== Assignment ==
An exact restatement of the data is required, with the images omitted.

== Data section ==
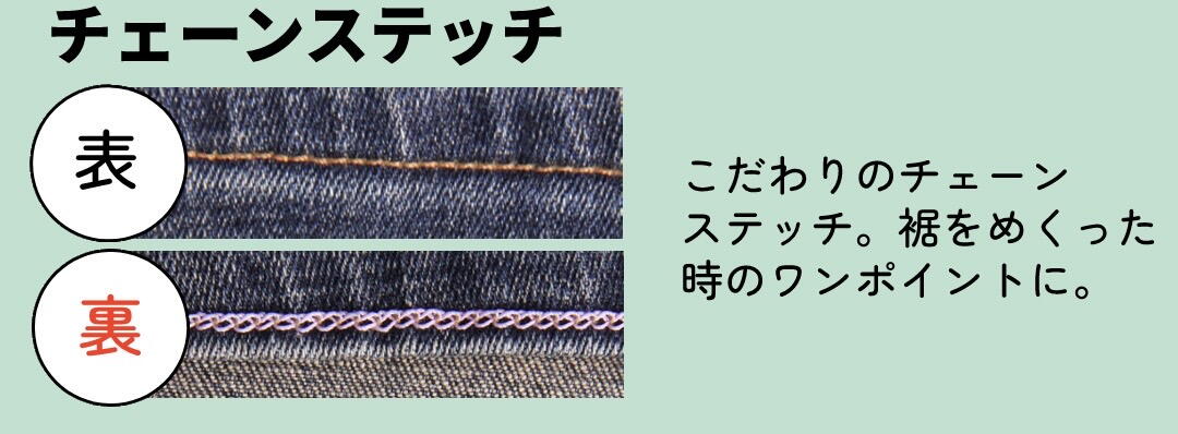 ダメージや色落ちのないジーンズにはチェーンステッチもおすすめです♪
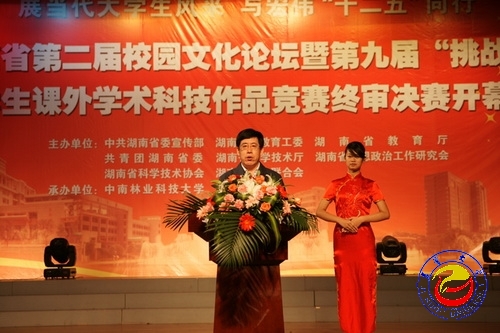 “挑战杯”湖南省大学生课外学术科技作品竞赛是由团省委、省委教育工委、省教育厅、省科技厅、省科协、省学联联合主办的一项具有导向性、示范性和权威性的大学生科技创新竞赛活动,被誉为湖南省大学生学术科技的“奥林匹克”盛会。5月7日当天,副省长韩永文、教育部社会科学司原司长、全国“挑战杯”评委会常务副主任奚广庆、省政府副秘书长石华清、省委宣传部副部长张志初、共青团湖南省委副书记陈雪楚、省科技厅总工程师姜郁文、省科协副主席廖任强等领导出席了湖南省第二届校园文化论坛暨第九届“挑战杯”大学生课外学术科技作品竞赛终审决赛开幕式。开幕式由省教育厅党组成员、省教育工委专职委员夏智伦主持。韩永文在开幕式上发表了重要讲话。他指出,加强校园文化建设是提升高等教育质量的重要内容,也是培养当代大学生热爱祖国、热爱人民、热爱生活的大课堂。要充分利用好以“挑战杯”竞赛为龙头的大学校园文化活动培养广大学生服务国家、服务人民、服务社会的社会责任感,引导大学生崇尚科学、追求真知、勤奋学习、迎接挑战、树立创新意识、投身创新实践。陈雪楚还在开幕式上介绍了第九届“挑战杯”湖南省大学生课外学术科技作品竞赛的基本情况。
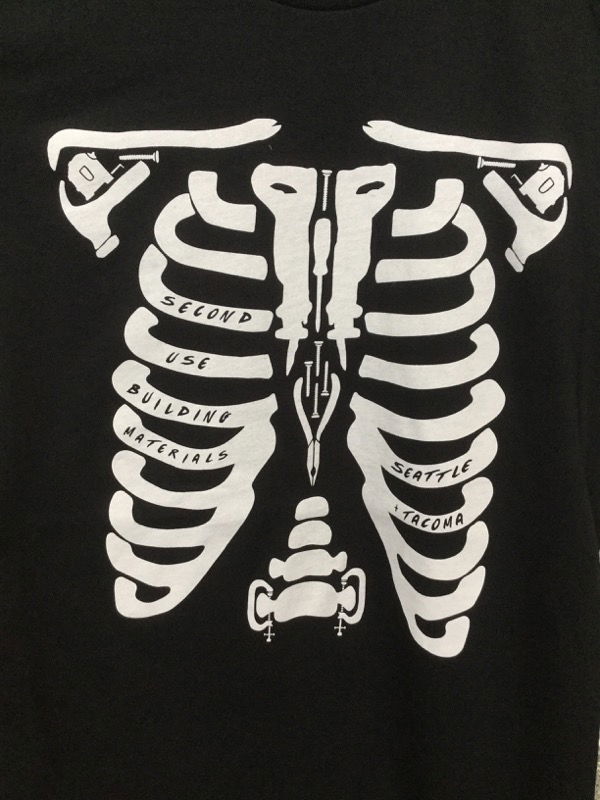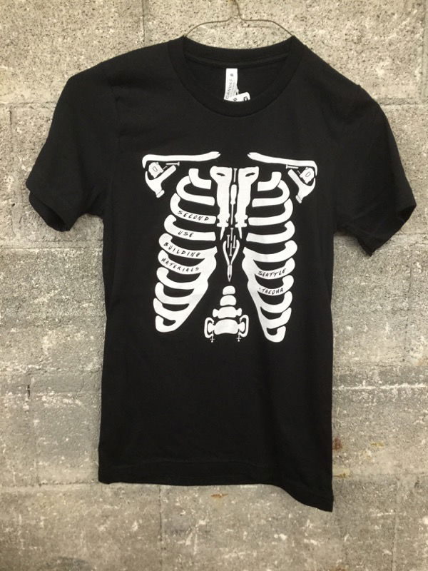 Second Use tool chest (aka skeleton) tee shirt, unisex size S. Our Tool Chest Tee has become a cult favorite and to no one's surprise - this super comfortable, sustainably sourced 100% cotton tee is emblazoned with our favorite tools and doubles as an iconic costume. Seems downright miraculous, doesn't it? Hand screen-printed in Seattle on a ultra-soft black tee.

== Answer to the exercise ==
 ダメージや色落ちのないジーンズにはチェーンステッチもおすすめです♪
 “挑战杯”湖南省大学生课外学术科技作品竞赛是由团省委、省委教育工委、省教育厅、省科技厅、省科协、省学联联合主办的一项具有导向性、示范性和权威性的大学生科技创新竞赛活动,被誉为湖南省大学生学术科技的“奥林匹克”盛会。5月7日当天,副省长韩永文、教育部社会科学司原司长、全国“挑战杯”评委会常务副主任奚广庆、省政府副秘书长石华清、省委宣传部副部长张志初、共青团湖南省委副书记陈雪楚、省科技厅总工程师姜郁文、省科协副主席廖任强等领导出席了湖南省第二届校园文化论坛暨第九届“挑战杯”大学生课外学术科技作品竞赛终审决赛开幕式。开幕式由省教育厅党组成员、省教育工委专职委员夏智伦主持。韩永文在开幕式上发表了重要讲话。他指出,加强校园文化建设是提升高等教育质量的重要内容,也是培养当代大学生热爱祖国、热爱人民、热爱生活的大课堂。要充分利用好以“挑战杯”竞赛为龙头的大学校园文化活动培养广大学生服务国家、服务人民、服务社会的社会责任感,引导大学生崇尚科学、追求真知、勤奋学习、迎接挑战、树立创新意识、投身创新实践。陈雪楚还在开幕式上介绍了第九届“挑战杯”湖南省大学生课外学术科技作品竞赛的基本情况。
 Second Use tool chest (aka skeleton) tee shirt, unisex size S. Our Tool Chest Tee has become a cult favorite and to no one's surprise - this super comfortable, sustainably sourced 100% cotton tee is emblazoned with our favorite tools and doubles as an iconic costume. Seems downright miraculous, doesn't it? Hand screen-printed in Seattle on a ultra-soft black tee.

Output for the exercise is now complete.